Человек с голубыми кроткими глазами и остроконечной светлой бородкой вежливо, хотя и важно выслушал эти слова. Розамунда, сестра его собеседника, тоже рыжая, но гораздо более мирная, засмеялась восторженно и укоризненно, как смеялись все, кто слушал местного оракула. Оракул тем временем продолжал, упоенный своим красноречием:
— Анархия и творчество едины. Это синонимы. Тот, кто бросил бомбу, — поэт и художник, ибо он превыше всего поставил великое мгновенье. Он понял, что дивный грохот и ослепительная вспышка ценнее двух-трех тел, принадлежавших прежде полисменам. Поэт отрицает власть, он упраздняет условности. Радость его — лишь в хаосе. Иначе поэтичнее всего на свете была бы подземка.

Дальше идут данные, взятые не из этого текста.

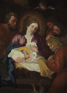 L'adoration des bergers, huile sur toile, 28x21 cm. Cadre en bois sculpté et doré.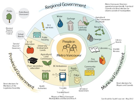 A few days ago, our friends at the South Fraser Blog published an infographic that captures some of the complexity of our system of government in the Lower Mainland.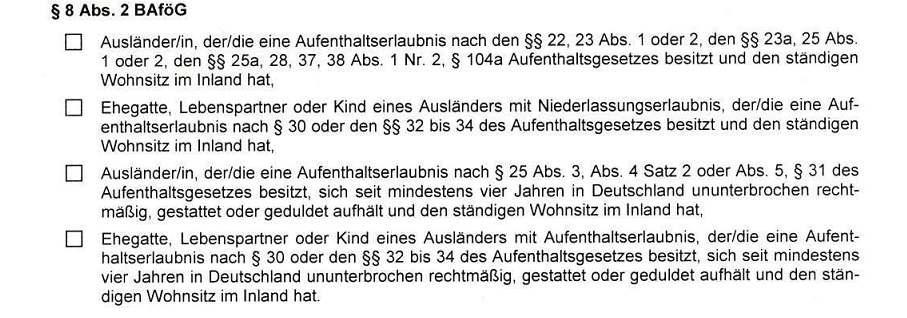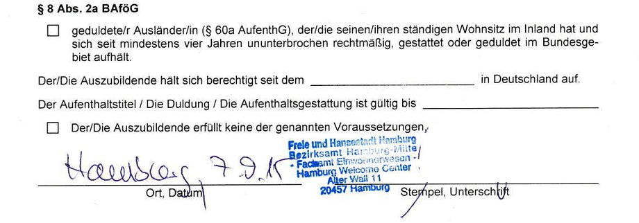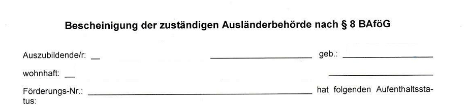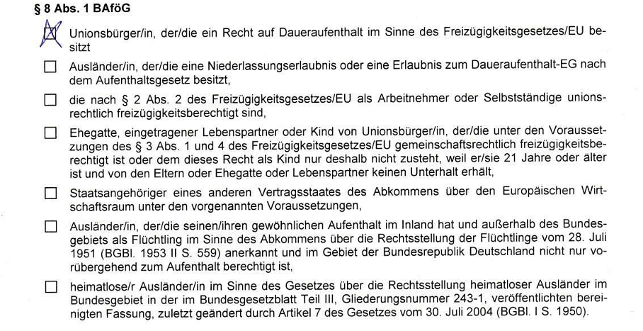 BAFöG могат да получават немски граждани и европейски граждани, които имат право да пребивават за постоянно на територията на Германия. За това ви е нужно свидетелство – Bescheinigung der zuständigen Ausländerbehörde (може да намерите прикачен образец на последна страница), чиято бланка получих от BAföG-Amt. За заверката на свидетелството съветвам да отидете в Bezirksamt (общината) в съответния град, където трябва да се подпише документа. Ако ви откажат в общината (но не би трябвало!), опитайте и в Ausländerbehörde офиса. Никой не ме е питал от колко време съм в Германия, колко съм работил и т.н., а просто получих подпис и печат в общината, след като казах, че съм българин и гражданин на ЕС. След като завери свидетелството, студентът има право да подаде документи за BAföG!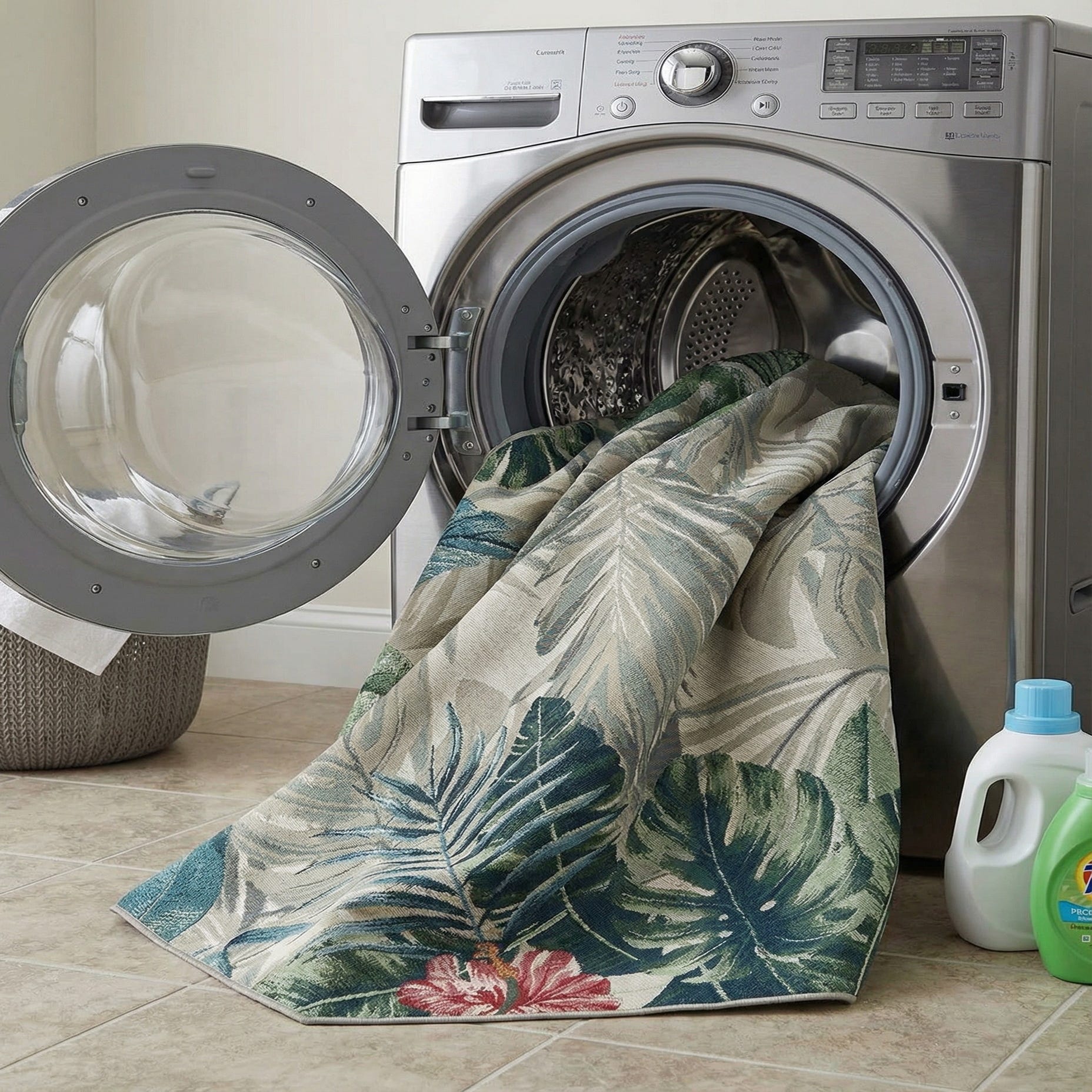 Detail image of 7' 10 x 7' 10  Washable Botanical Indoor / Outdoor Octagon Rug

— Так оно и есть, — сказал Сайм.
— Глупости! — воскликнул Грегори, обретавший здравомыслие, как только на парадоксы отваживался кто-нибудь другой. — Почему матросы и клерки в вагоне так утомлены и унылы, ужасно унылы, ужасно утомлены? Потому что, проехав Слоун-сквер, они знают, что дальше будет Виктория[305]. Как засияли бы их глаза, какое испытали бы они блаженство, если бы следующей станцией оказалась Бейкер-стрит!
— Это вы не чувствуете поэзии, — сказал Сайм. — Если клерки и впрямь обрадуются этому, они прозаичны, как ваши стихи. Необычно и ценно попасть в цель; промах — нелеп и скучен. Когда человек, приручив стрелу, поражает далекую птицу, мы видим в этом величие. Почему же не увидеть его, когда, приручив поезд, он попадает на дальнюю станцию? Хаос уныл, ибо в хаосе можно попасть и на Бейкер-стрит, и в Багдад. Но человек — волшебник, и волшебство его в том, что он скажет «Виктория» и приедет туда. Мне не нужны ваши стихи и рассказы, мне нужно расписание поездов! Мне не нужен Байрон, запечатлевший наши поражения, мне нужен Брэдшоу[306], запечатлевший наши победы! Где расписание Брэдшоу, спрашиваю я?
— Вам пора ехать? — насмешливо сказал Грегори.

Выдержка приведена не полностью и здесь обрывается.